The way things are run right now... "sometimes dead is better" at Cabo Rojo's virtual Pet Sematary.
It's easy for Bernal to find new people to support her. Just show them the animals - but it is never very long before they start to see the problems that are hidden behind the locked fence.
Note: Donations are still being handled via safapr.org and will be used to distribute supplies to the animals. The site is under the control of the new transitional team.

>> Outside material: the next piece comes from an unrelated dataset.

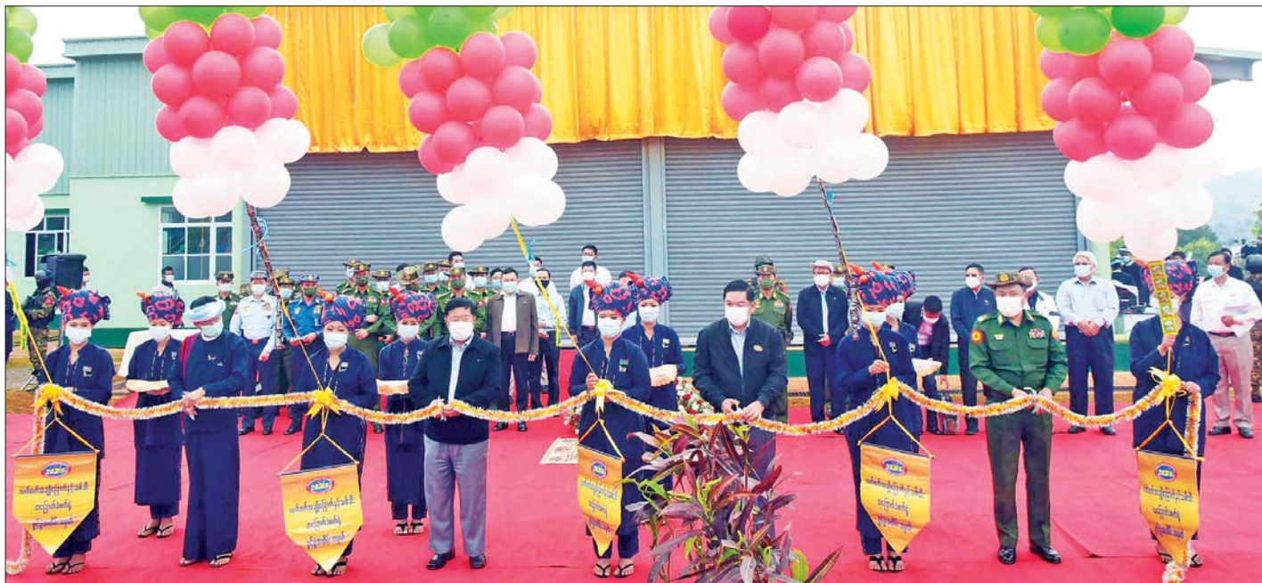
ရှမ်းပြည်နယ်ဝန်ကြီးချုပ် ဒေါက်တာကျော်ထွန်း၊ မြန်မာစီးပွားရေးကော်ပိုရေးရှင်းဥက္ကဋ္ဌ ဒုတိယဗိုလ်ချုပ်ကြီး ညိုစော၊ အရှေ့ပိုင်းတိုင်းစစ်ဌာနချုပ် တိုင်းမှူးဗိုလ်ချုပ်နီလင်းအောင်နှင့် ပအိုဝ်းကိုယ်ပိုင်အုပ်ချုပ်ခွင့်ရဒေသဥက္ကဋ္ဌ ဦးခွန်ရဲထွေးတို့က လက်ဖက်အချိုခြောက်နှင့် သစ်သီးအခြောက်ခဲစက်ရုံ(နောင်တရား)အား ဖွဲ့စည်းဖြတ်ဖွင့်လှစ်ပေးစဉ်။

ဖြစ်ကြောင်း။ ရေရှည်ရပ်တည်နိုင်ရေး ထိန်းသိမ်းလက်ဖက်ရွက်စိမ်းများနှင့် ဒေသထွက် သစ်သီးဝလံများ ဈေးကွက်ခိုင်မာရှင်သန်လာသည်နှင့် စိုက်ပျိုးရေးလုပ်ငန်းများ တိုးတက်ဖွံ့ဖြိုးလာပြီး ပအိုဝ်းဒေသတွင် အစားထိုးလက်ဖက်သီးနှံအဖြစ် တိုးချဲ့စိုက်ပျိုးနိုင်ခြင်း၊ ဒေသအတွင်းအလုပ်အကိုင်အခွင့်အလမ်းများ ပိုမိုတိုးတက်ရရှိလာခြင်းနှင့် တောင်သူများ၏ လူမှုစီးပွားဘဝ ပိုမိုဖွံ့ဖြိုးတိုးတက်ကောင်းမွန်လာနိုင်ခြင်းစသော အကျိုးကျေးဇူးများမှ တစ်ဆင့် နိုင်ငံသာယာဝပြောရေး၊ စားရေရရှိကွာဟမှုမှ ပိုလျှံအောင်ဆောင်ရွက်ပေးရေး၊ စားရေရရှိကွာဟမှုမှ ပိုလျှံအောင်ဆောင်ရွက်ပေးရေးနှင့် ဒေသတွင်း ဖွံ့ဖြိုးတိုးတက်မှုကို အထောက်အကူပြုမည်ဖြစ်သည့်အတွက် လက်ဖက်အချိုခြောက်နှင့် သစ်သီးအခြောက်ခဲစက်ရုံ (နောင်တရား)အား ရင်းနှီးမြှုပ်နှံမှုပမာဏများစွာဖြင့် တည်ဆောက်ပေးခဲ့ခြင်းဖြစ်ကြောင်း၊ ယခုဖွင့်လှစ်လိုက်သည့် လက်ဖက်ခြောက်နှင့် သစ်သီးအခြောက်ခဲစက်ရုံ(နောင်တရား)သည် နောင်တရားမြို့အပါအဝင် ပအိုဝ်းကိုယ်ပိုင်အုပ်ချုပ်ခွင့်ရ ဒေသအတွက် အဆင့်အတန်းမြင့်မား၍ ဂုဏ်ယူဖွယ်ကောင်း

Note: This blog entry contains opinionated commentary on the subject matter. It was created after review of info including formal reports collected during several meetings with staff members/volunteers/witnesses. The municipality of Cabo Rojo and Mayaguez (including the prosecutor's office) have been notified of alleged violations of Law 154. At the time of writing, the prosecutor has not yet filed official charges, but has conducted meetings with the parties involved. A court order from a Cabo Rojo judge also provided an internal investigation team a police escort to evaluate the conditions of the sanctuary and animals with the President of APAC, who removed 13 animals for immediate veterinary services. This was 4 months after initial complaints were filed with no actions taken by any of the parties notified. At least 5 volunteers and/or part-time employees were terminated by Dellymar Bernal (former President) after their cooperation with the investigation. Despite being a No-Kill shelter, a high mortality rate continues. Estimates are that as many as 15-20 animals died or were put to sleep in approximately 30 days. Staff reports are consistent that most deaths occur within the sub-population of animals under the direct care of Madeline.